The waiver also works in combination with the Strategic Petroleum Reserve release — 172 million barrels being released over 120 days — and the International Energy Agency's unprecedented release of 400 million barrels from member nations' reserves. Together these measures can ease the domestic supply picture at the margin. None of them address the underlying problem, which is a global oil price spike driven by a military conflict that has effectively removed one-fifth of world oil supply from the market.
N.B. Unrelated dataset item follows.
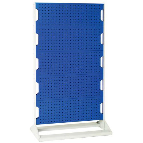 Racks disponibles en version fixe ou mobile, a équiper d’accessoires Perfo. Ces racks sont conçus pour une grande capacité de stockage. Permet d’avoir l’outillage toujours à porter de mains pour une meilleure productivité. Largeur 1000 mm, profondeur 550 mm Hauteurs version fixe : 1125mm, 1450 mm et 1775 mm Hauteur version mobile: 1250 mm avec roues de diamètre 100 mm Simple ou double faces Disponibles en kit avec accessoires ou nus à équiper selon vos besoins Finition peinture époxy Ossature coloris gris RAL 7035 et panneaux Bleu 5010 Bac inférieur en option pour tous les modèles à double face Fabriqué au RU

The Deeper Debate — Should the Jones Act Exist At All
The 60-day waiver has reignited the perennial argument about whether the Jones Act should be permanently repealed rather than occasionally suspended. Proponents of repeal argue the law has failed its original national security purpose — the US domestic maritime fleet has declined precipitously over the decades regardless of Jones Act protection, and the fleet that exists is inadequate to supply American military needs without foreign vessels anyway. They argue the law primarily benefits the small number of companies that operate Jones Act-qualified ships at the expense of American consumers and American territorial economies like Hawaii, Alaska, and Puerto Rico, which must pay dramatically higher shipping costs for basic goods as a result of the law.
Opponents of repeal — primarily maritime unions and the domestic shipbuilding industry — argue that eliminating the Jones Act would destroy what remains of American maritime manufacturing capability and make the country permanently dependent on foreign shipping for domestic commerce. They note that every major maritime nation protects its domestic shipping industry and that the national security rationale for doing so has not expired. They point out that the Jones Act workforce — tens of thousands of American sailors, shipyard workers, and related trades — would be devastated by elimination of the law.
The legal reality is that the Jones Act can only be permanently repealed by an act of Congress — and the political economy of maritime states, maritime unions, and defense interests has consistently blocked full repeal even when economists have made compelling cases for it. The 60-day waiver is not a step toward repeal — it is a temporary safety valve that the law explicitly permits during national emergencies affecting military operations.
For the complete text of the Jones Act and detailed analysis of how the 60-day waiver changes domestic energy shipping operations, the US Maritime Administration at maritime.dot.gov provides official guidance on waiver implementation and eligible vessel categories. The most comprehensive economic analysis of the Jones Act's long-term effects on American consumer prices and territorial economies is maintained by the Cato Institute's Herbert A. Stiefel Center for Trade Policy Studies at cato.org.
The Jones Act waiver of March 2026 is a textbook example of the gap between political communication and economic reality. The administration needed to show it was doing something about gas prices. The Jones Act was visible, controllable, and familiar enough that most Americans had at least heard of it. Waiving it for 60 days accomplished those political objectives entirely — it is a tangible, dramatic-sounding action that generates headlines and signals urgency. What it will not accomplish is bringing gas prices down by any amount that ordinary Americans will notice at the pump. For that, there is only one effective remedy — reopening the Strait of Hormuz. And no act of Congress, no executive waiver, and no strategic reserve release can substitute for the geopolitical solution that so far nobody has found a way to deliver.